» **Supplied material**
------------------------

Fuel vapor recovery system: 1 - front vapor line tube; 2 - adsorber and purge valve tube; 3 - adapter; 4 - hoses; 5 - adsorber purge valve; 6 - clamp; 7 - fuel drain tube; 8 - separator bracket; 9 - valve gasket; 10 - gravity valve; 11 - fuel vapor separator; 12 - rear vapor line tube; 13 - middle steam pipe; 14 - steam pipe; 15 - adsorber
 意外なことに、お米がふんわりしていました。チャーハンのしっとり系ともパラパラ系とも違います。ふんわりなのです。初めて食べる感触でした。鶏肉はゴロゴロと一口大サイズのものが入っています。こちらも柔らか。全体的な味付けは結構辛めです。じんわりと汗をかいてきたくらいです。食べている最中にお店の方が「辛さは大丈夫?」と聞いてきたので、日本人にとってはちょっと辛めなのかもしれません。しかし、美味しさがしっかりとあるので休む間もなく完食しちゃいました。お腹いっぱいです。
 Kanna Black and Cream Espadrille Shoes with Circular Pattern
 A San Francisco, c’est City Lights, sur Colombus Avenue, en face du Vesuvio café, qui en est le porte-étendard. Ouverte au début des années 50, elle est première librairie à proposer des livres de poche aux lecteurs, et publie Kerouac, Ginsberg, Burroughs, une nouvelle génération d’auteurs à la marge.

------------------------

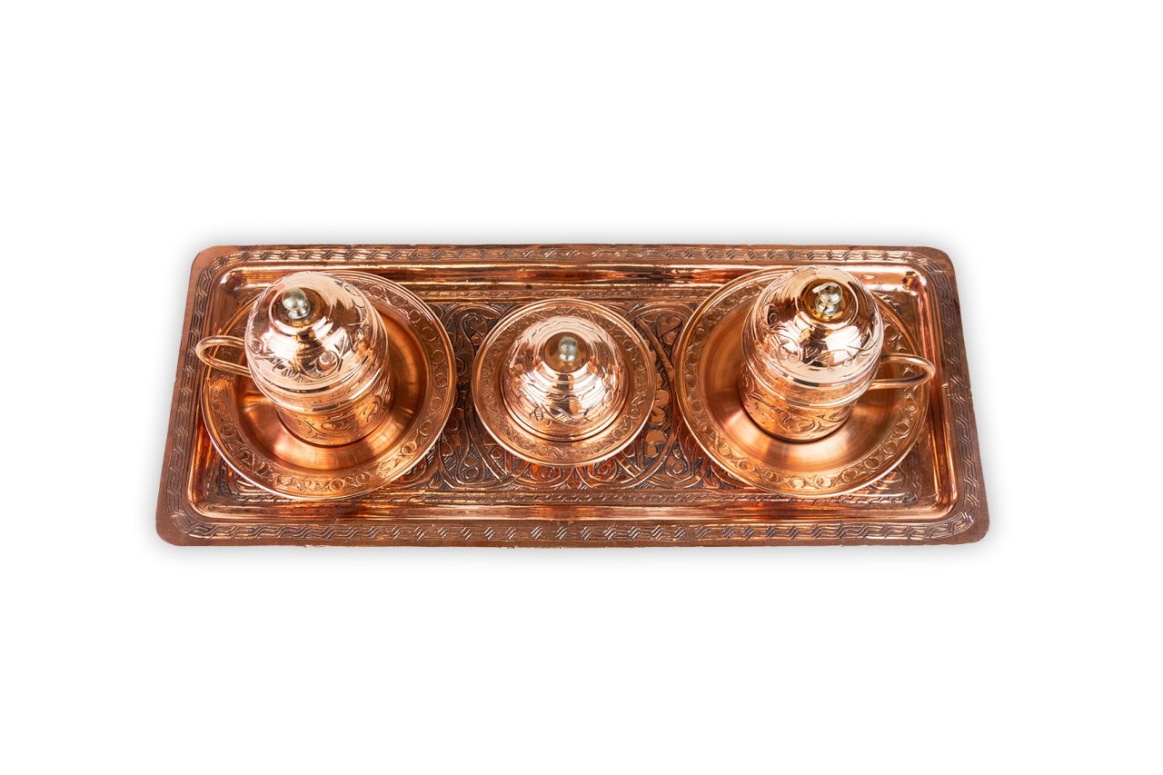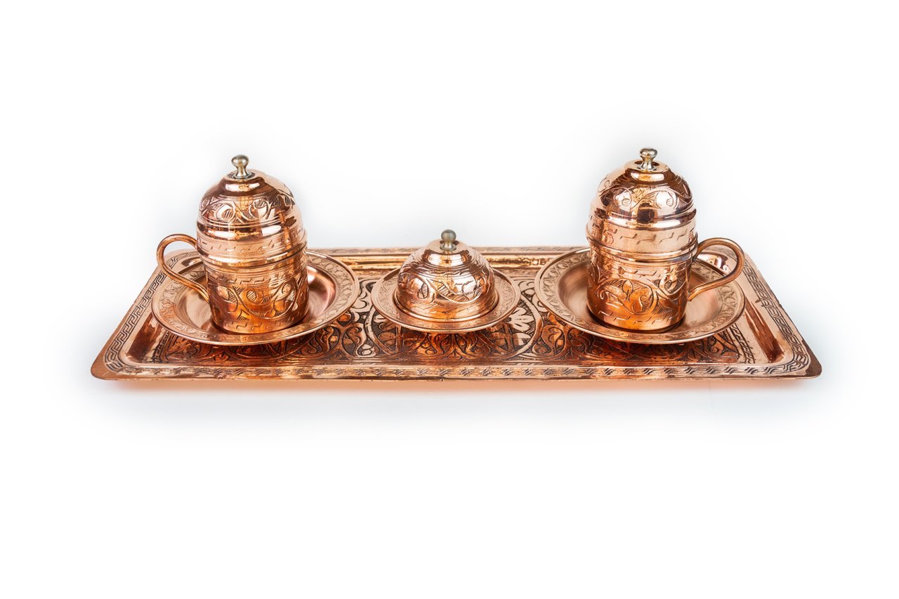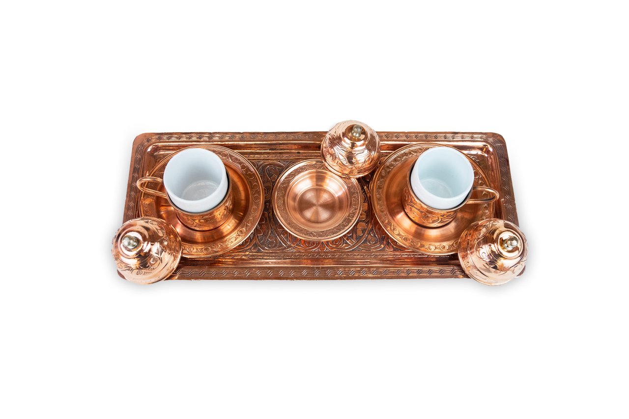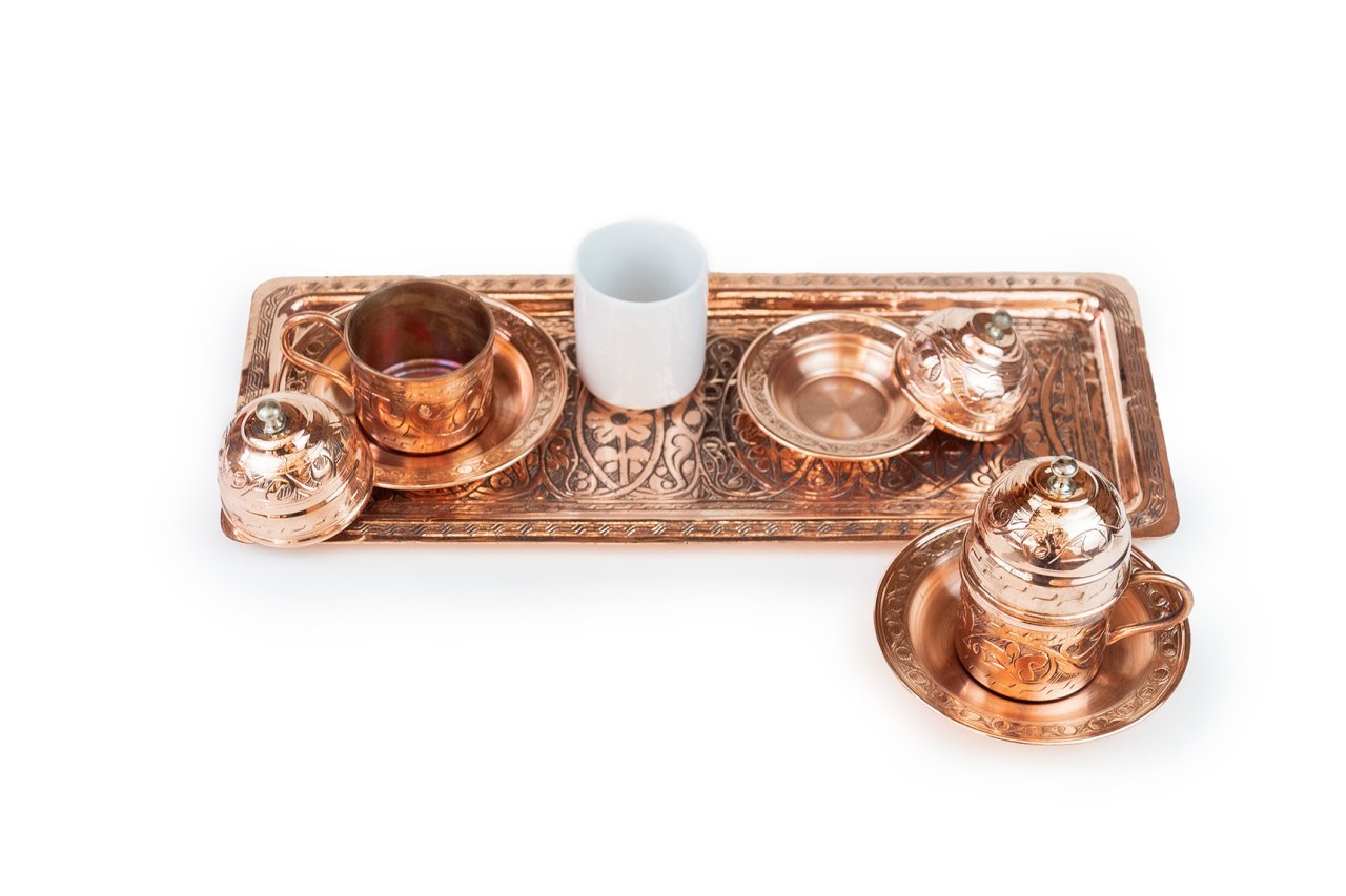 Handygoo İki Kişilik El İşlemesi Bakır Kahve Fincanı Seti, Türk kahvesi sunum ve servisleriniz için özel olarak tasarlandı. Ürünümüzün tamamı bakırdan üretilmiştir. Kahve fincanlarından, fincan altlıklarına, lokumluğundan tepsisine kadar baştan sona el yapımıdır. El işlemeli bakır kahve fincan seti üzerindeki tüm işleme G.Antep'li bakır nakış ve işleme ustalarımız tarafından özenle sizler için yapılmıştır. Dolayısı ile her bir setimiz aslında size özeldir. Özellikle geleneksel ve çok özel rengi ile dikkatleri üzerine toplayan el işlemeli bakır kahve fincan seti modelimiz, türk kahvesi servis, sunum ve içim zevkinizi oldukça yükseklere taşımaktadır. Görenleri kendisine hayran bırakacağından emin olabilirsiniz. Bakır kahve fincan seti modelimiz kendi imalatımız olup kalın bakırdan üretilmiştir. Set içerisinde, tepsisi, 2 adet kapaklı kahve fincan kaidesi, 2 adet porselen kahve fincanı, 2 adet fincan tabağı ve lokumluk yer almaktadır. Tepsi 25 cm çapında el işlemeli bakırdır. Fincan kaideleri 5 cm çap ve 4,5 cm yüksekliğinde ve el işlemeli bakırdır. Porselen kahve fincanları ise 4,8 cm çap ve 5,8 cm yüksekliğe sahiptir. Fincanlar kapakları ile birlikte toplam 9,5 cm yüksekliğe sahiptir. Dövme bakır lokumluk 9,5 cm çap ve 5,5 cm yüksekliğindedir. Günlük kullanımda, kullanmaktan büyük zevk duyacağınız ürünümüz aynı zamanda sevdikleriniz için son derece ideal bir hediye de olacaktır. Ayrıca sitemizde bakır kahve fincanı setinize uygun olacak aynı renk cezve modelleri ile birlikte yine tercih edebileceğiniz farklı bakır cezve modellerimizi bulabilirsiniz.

------------------------

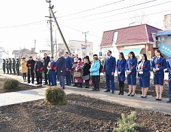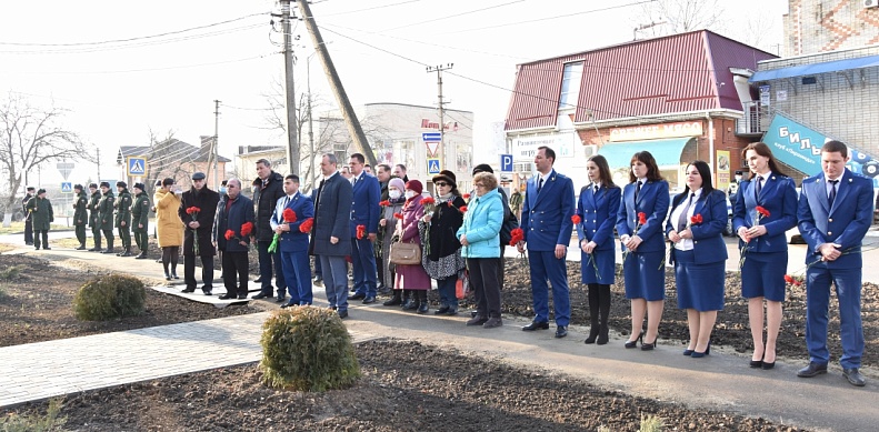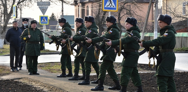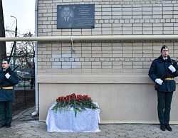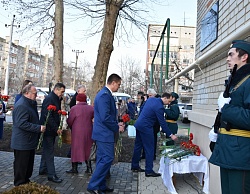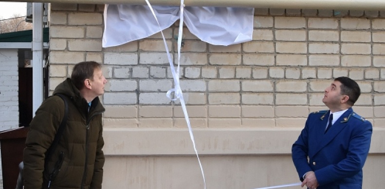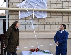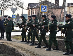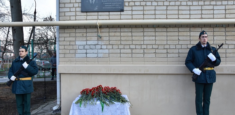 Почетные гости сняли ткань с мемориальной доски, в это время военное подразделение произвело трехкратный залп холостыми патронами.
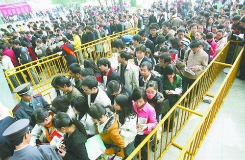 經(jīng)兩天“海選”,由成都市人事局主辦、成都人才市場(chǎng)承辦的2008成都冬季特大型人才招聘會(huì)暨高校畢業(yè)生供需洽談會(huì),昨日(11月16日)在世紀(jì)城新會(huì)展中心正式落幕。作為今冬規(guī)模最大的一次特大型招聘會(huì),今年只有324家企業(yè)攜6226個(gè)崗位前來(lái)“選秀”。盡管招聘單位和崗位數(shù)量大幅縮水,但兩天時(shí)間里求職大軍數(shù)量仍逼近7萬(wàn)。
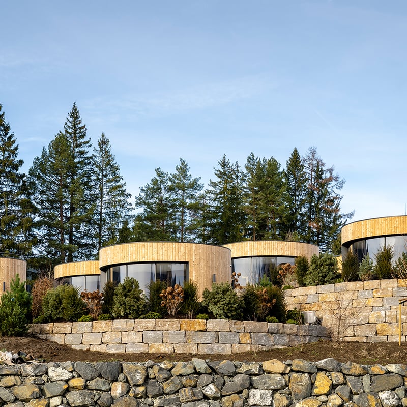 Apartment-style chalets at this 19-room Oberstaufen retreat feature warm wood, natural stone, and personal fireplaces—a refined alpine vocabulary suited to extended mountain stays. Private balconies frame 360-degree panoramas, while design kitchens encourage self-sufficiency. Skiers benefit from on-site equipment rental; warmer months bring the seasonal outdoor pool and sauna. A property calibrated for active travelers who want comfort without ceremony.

------------------------

» **Exercise prompt**
Beginning at the line with "Kanna Black and" and stopping after the line with "A San Francisco, c’est", please write out every line of the data above exactly and nothing else.

» **Answer section**
 Kanna Black and Cream Espadrille Shoes with Circular Pattern
 A San Francisco, c’est City Lights, sur Colombus Avenue, en face du Vesuvio café, qui en est le porte-étendard. Ouverte au début des années 50, elle est première librairie à proposer des livres de poche aux lecteurs, et publie Kerouac, Ginsberg, Burroughs, une nouvelle génération d’auteurs à la marge.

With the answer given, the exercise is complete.